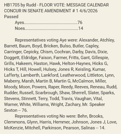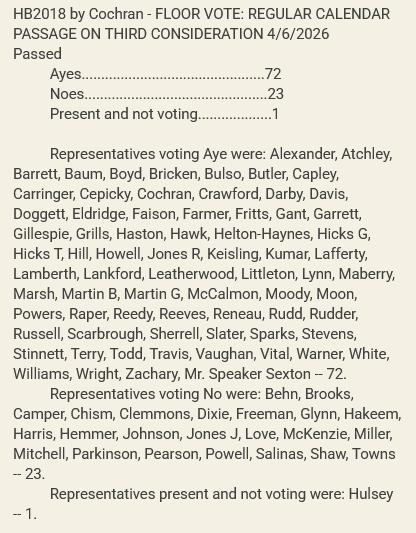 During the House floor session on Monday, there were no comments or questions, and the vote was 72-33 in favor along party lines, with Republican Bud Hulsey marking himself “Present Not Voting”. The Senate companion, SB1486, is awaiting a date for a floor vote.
...
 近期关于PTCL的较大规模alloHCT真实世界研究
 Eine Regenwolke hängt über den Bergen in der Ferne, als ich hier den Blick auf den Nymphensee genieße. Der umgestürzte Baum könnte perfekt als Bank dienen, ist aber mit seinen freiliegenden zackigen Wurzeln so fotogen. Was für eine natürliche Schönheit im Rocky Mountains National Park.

#### [EXERCISE DIRECTIONS]
What is needed is a verbatim copy of every line in the records above from the one containing "近期关于PTCL的较大规模alloHCT真实世界研究" down to the one containing "Eine Regenwolke hängt", both included, and nothing more.

#### [ANSWER TO THIS TASK]
 近期关于PTCL的较大规模alloHCT真实世界研究
 Eine Regenwolke hängt über den Bergen in der Ferne, als ich hier den Blick auf den Nymphensee genieße. Der umgestürzte Baum könnte perfekt als Bank dienen, ist aber mit seinen freiliegenden zackigen Wurzeln so fotogen. Was für eine natürliche Schönheit im Rocky Mountains National Park.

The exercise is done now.